Tuesday, February 25, 2014
Still Watching Detroit
Many people are more than likely sick of hearing about Detroit these days. I don't blame you really but how that bankruptcy works itself out is going to set a precedence and give us a clear picture on how the biggest lying ponzi scheme in history is going to work itself out.
This problem isn't about the investor class versus the poor public employees who need their pensions. Nope, this is about ultimately who they are going to try and stick the bill to and everyone who owns property, works a paying job or buys anything from a business will be hit if the courts try and pass the cost off on the investors.
It really is that simple. Costs are always passed on or through the investment class in one way or another. This is why our original bankruptcy laws were set up the way they were and protected bond holders most of all.

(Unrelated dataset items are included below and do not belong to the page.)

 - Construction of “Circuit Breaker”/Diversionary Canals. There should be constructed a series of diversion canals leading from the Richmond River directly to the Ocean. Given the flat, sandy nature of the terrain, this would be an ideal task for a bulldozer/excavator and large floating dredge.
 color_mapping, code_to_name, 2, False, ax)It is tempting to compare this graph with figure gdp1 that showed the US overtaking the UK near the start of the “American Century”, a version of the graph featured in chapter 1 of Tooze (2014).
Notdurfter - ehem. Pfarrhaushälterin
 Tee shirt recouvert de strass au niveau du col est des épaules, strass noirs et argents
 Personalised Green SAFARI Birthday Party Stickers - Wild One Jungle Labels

If bond holders take the brunt of this why those who voted in the crooks and rode the wave of promises with no thought to how or where this easy money was coming from are taken care of then the ultimate cost of paying these pensions will come from tax payers.
That's you and me.
Yields and interest for municipal bonds will sky rocket as they will now be seen as non-secure investment vehicles. Property taxes will rise along with other sales and use taxes accordingly as services will be reduced. A reduction in services will also then manifest itself in higher insurance costs and greater minimum coverage amounts while, get this, overall property values will decrease.
Detroit's debt adjustments plan hostile to bondholders
"Fitch considers Detroit's plan of adjustment to be hostile to GO bondholders," the rating agency said in a statement. "If this priority of creditors is upheld, Fitch expects that this disregard for the rights of bondholders will factor into higher borrowing costs for local issuers, and ultimately for local property taxpayers, in Michigan."

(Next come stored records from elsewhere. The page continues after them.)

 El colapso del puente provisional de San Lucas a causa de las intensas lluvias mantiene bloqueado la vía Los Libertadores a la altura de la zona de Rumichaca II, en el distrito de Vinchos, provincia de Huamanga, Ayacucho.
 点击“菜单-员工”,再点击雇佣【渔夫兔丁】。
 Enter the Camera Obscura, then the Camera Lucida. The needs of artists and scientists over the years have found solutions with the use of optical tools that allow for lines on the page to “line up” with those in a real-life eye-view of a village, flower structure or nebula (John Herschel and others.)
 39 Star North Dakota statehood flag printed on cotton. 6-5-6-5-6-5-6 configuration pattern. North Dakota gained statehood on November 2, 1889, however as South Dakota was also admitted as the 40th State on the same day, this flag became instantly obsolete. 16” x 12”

That's right by stiffing the bondholders the tax requirements and bill will ultimately raise the property taxes for all of Michigan.
It won't end in Detroit anymore than it really began there. Pensions are way under funded everywhere in the US and even those who report 80% or better total funding are using Enron accounting and unicorn style fantasy returns on investment that will surface.
You may also think it will work itself out to a small amount overall but this is wishful thinking as well. Once the total bill is spread out the extra taxes will kill commerce and make it impossible to service the debt regardless. Not to mention those munny and other funds will still need to resort to bond offerings with skyrocketed interest to continue to operate.
It doesn't matter where you live. A decision against the bond holders will directly effect your wallet whether you are in Oklahoma or Michigan.
Keep Prepping Everyone!!!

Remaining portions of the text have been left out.